SYSTEM NOTICE

Auto translation by AI. Be sure, accuracy, nuances and authorial intent may not be fully reflected.
見出し画像

[Practical Drill] Learning SPARQL by Doing: Mastering the Wikidata Query Service

About this article

Target audience: Beginners to SPARQL and the Wikidata Query Service
Objective: To be able to solve practice problems on your own by referring to examples
Site used: Wikidata Query Service (https://query.wikidata.org/)


Introduction

Hello! In this article, I have created a drill to help you learn the basics of "SPARQL," the standard query language for the Semantic Web, by actually running queries on the Wikidata Query Service.

If you feel that "learning through theory alone doesn't quite click," try looking at the examples first, then write and execute your own queries in the subsequent practice problems. You should be able to get a feel for how to handle graph databases.

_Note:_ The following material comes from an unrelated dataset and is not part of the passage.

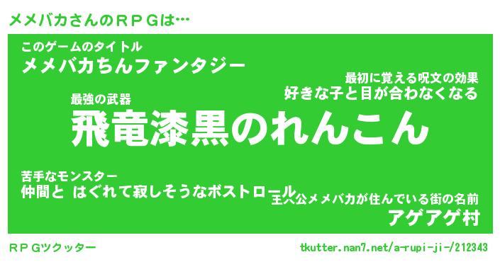 | ファンタジー風あだ名 | 『メメフェル』『エターナルメメバカー』 |
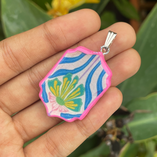 Abstract Floral Pattern Motif Shaped - Cold Porcelain Charms Pendant (With Bail)

Please try to complete it to the end!

Review of Prerequisites: Basics of SPARQL and RDF

Before learning SPARQL, let's briefly understand the RDF that is the target of our queries.

While relational databases (RDB) that we use daily manage data in tables, graph databases like Wikidata manage data in a format called "RDF: Resource Description Framework."

The basis of RDF is expressing data as a combination of three elements (a Triple): "Subject," "Predicate," and "Object."

  • Subject: The target you want to search for (e.g., Japan)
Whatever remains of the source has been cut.